(WHAT TO DO): From the line that holds "Double Locking Mechanism: This" down to the last line of the listing below, reproduce each line exactly and nothing more, omitting pictures.
○ ○ ○ ○ ○ ○ ○
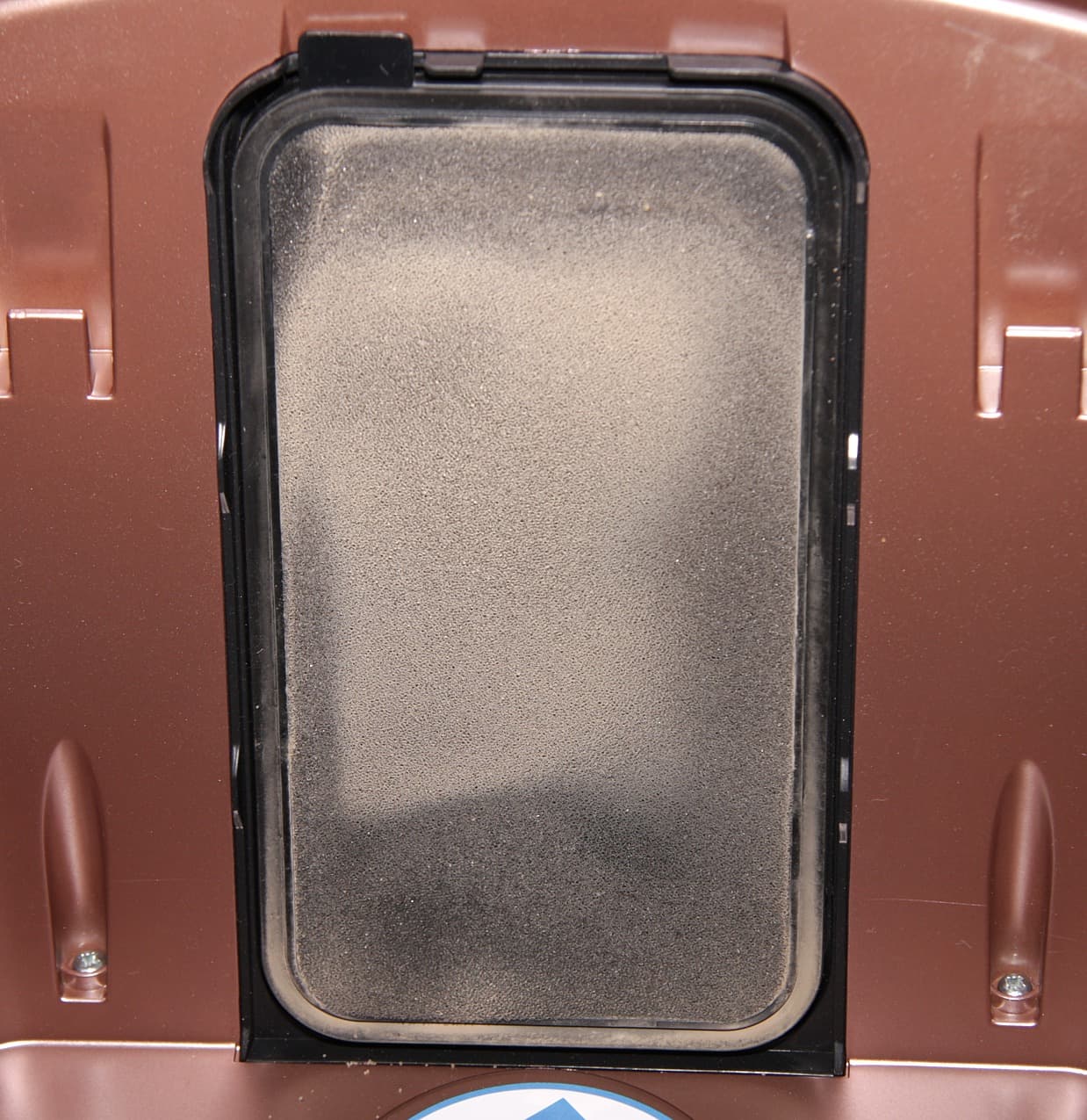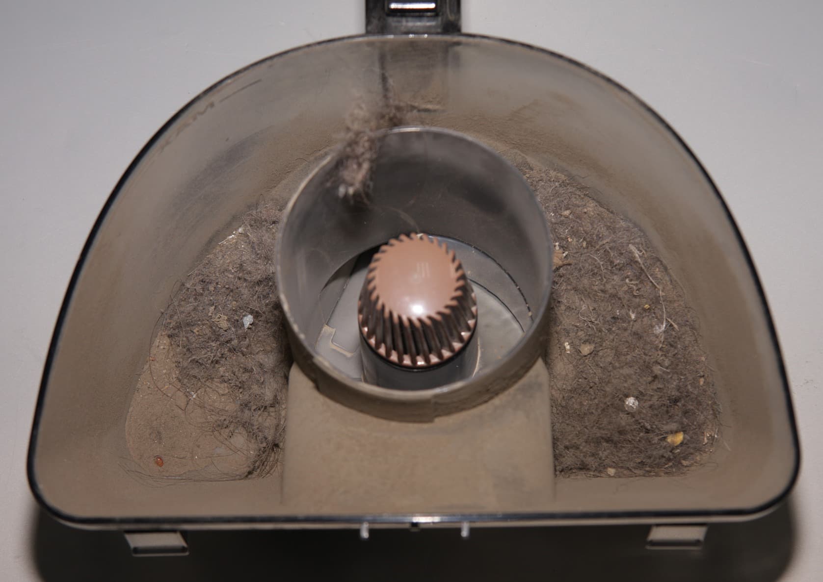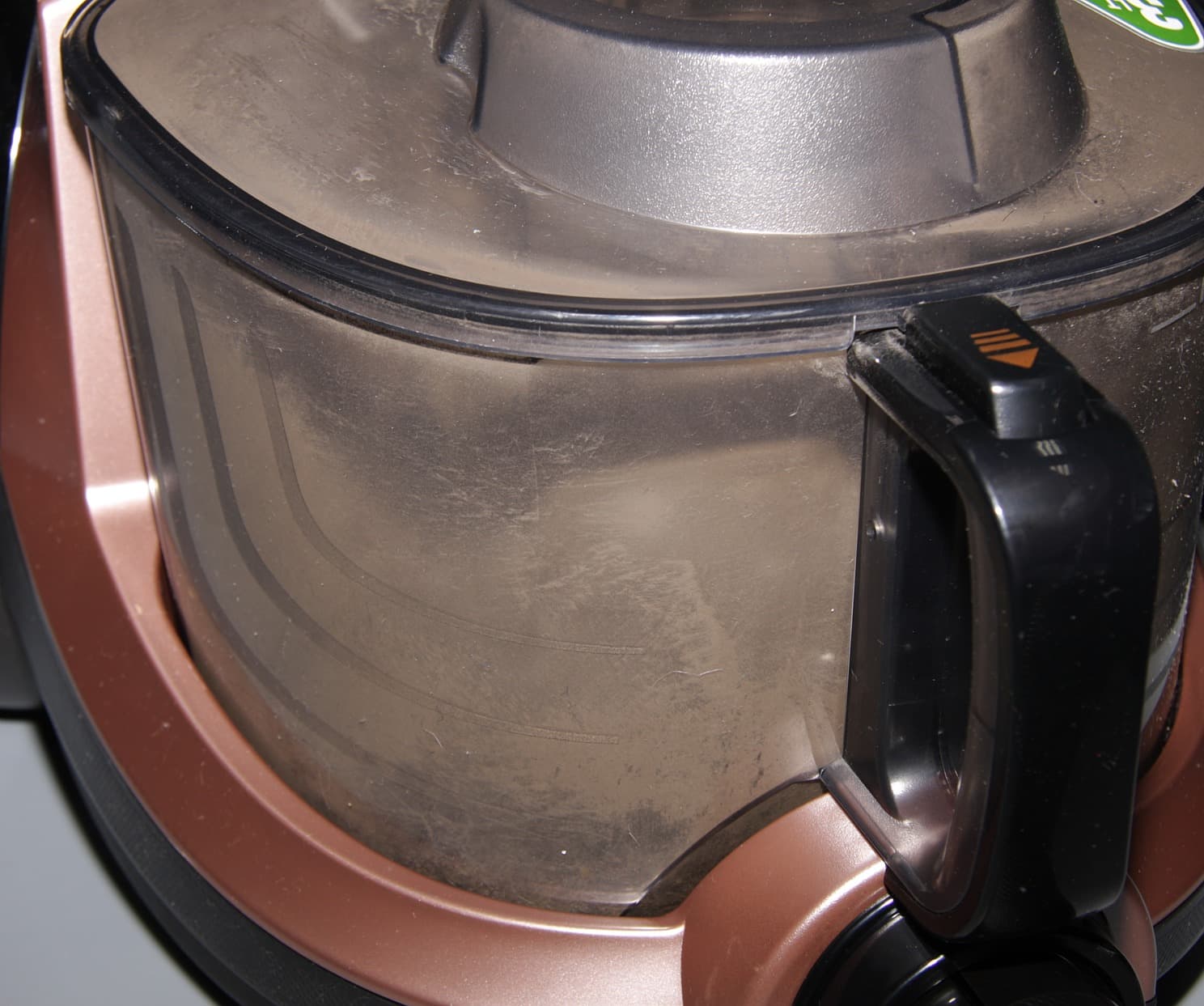 Внутренняя поверхность циклонной камеры из-за абразивного воздействия твердых частиц быстро и необратимо мутнеет. Пылесборник легко достается, а его крышка полностью снимается. Для этого сначала нужно нажать на кнопку фиксатора, затем просто потянуть крышку вверх. Так его проще опорожнять и мыть. Практически весь мусор оказался во внешнем отсеке, только вверху циклонной камеры свалялся пучок из волос.
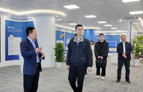 佘堅一行首先參觀(guān)了遠望信息展廳,了解了企業(yè)發(fā)展歷程、主營(yíng)業(yè)務(wù)介紹及核心技術(shù)實(shí)力,并重點(diǎn)聽(tīng)取了遠望信息在數字政府安全防控體系建設領(lǐng)域的主要業(yè)績(jì)成果。
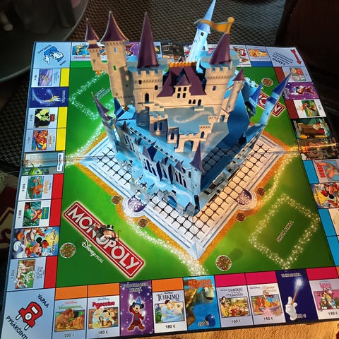 Klassikko lautapelin näyttävä Disney-versio. Kaikki mahdolliset osat ovat tallessa ja erittäin hyvässä kunnossa, ainoat kauneusvirheet ovat itse pelilaudasta nousevassa linnassa oleva kuulakärkikynällä tehty pieni kirjoitus ja laatikossa olevat kulumat.
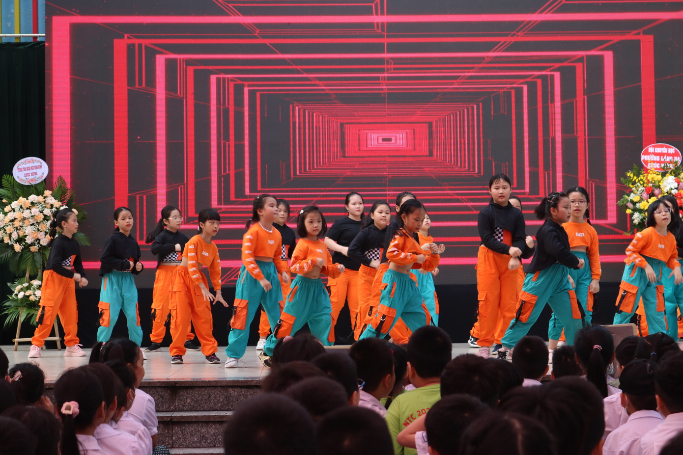 Các thành viên trong câu lạc bộ của trường cùng nhau khuấy động không khí đầu buổi lễ bằng các tiết mục vũ đạo sôi động. Tween ngồi dưới sân khấu cũng chăm chú theo dõi từng tiết mục, lắc lư theo điệu nhạc.
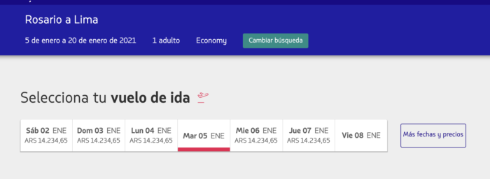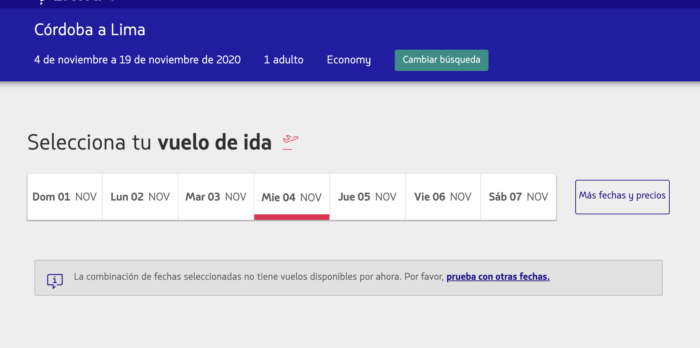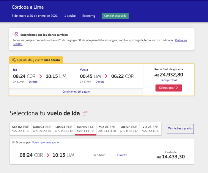 Me puse a hacer búsquedas y el clásico vuelo Rosario Lima o Córdoba Lima no figuran este año
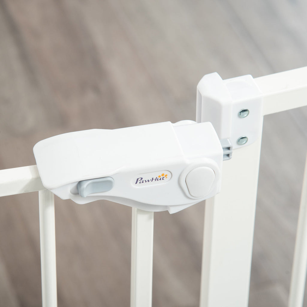 Double Locking Mechanism: This extendable pet gate features a locking mechanism at the top and two separate locks, one on each side of the door. This allows you to choose the direction the door opens or lock it completely by using both locks simultaneously.
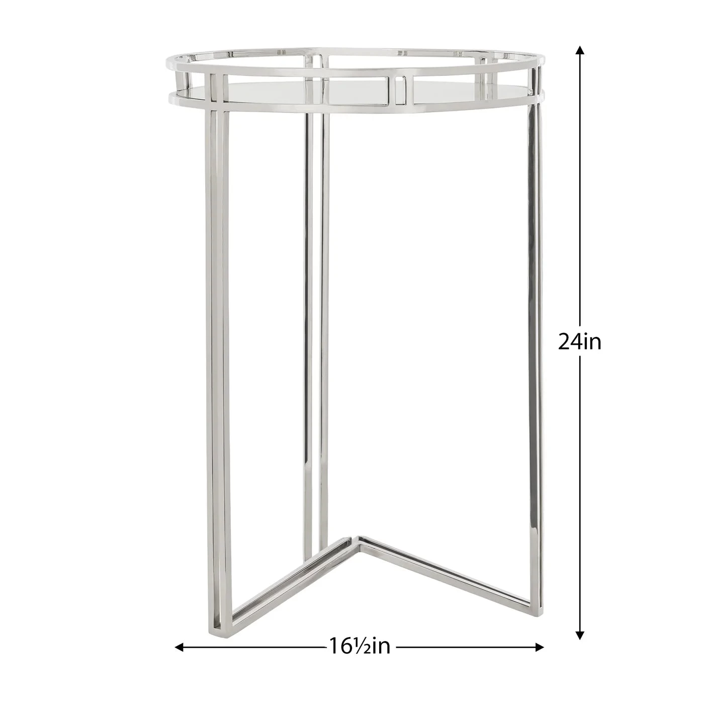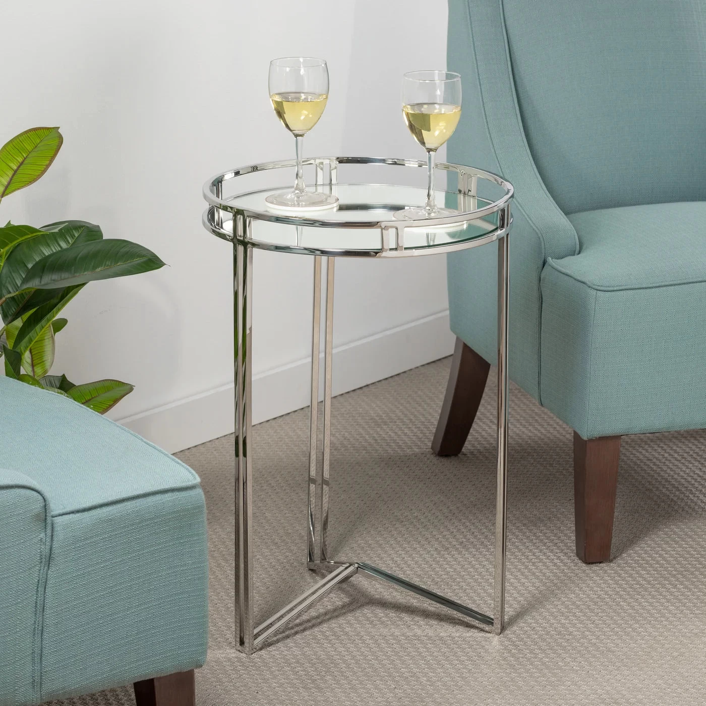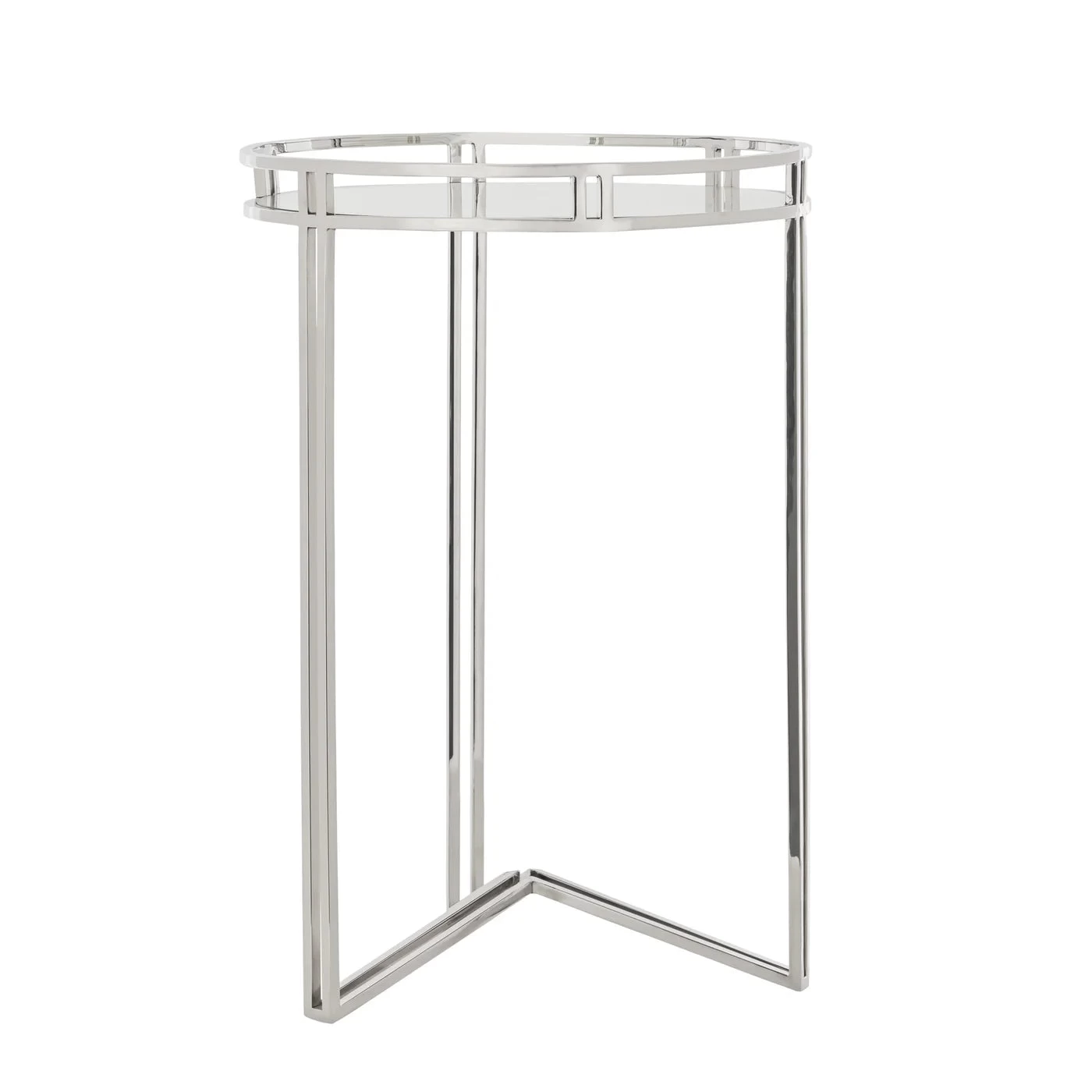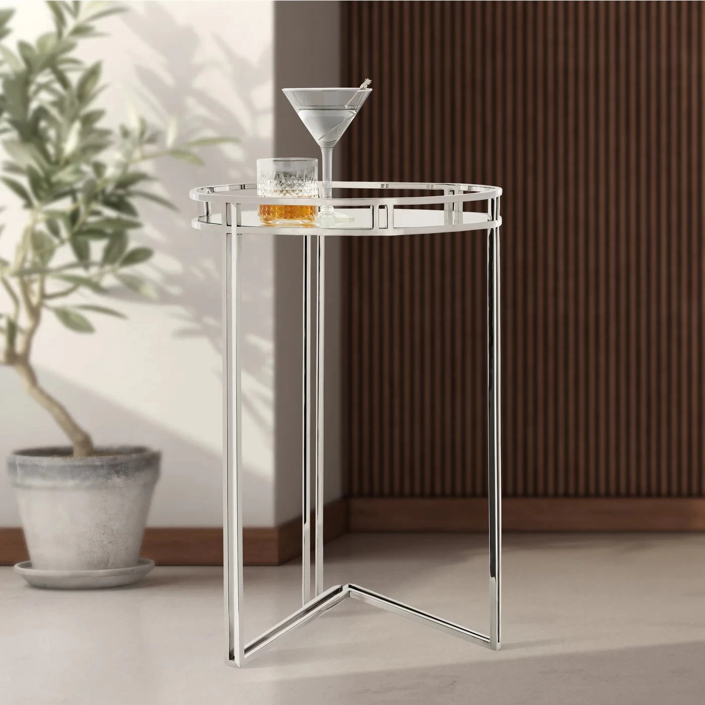 This stainless steel table is an eye-catching piece with a mirror top for a lux look.
○ ○ ○ ○ ○ ○ ○
(WRITTEN RESPONSE):
 Double Locking Mechanism: This extendable pet gate features a locking mechanism at the top and two separate locks, one on each side of the door. This allows you to choose the direction the door opens or lock it completely by using both locks simultaneously.
 This stainless steel table is an eye-catching piece with a mirror top for a lux look.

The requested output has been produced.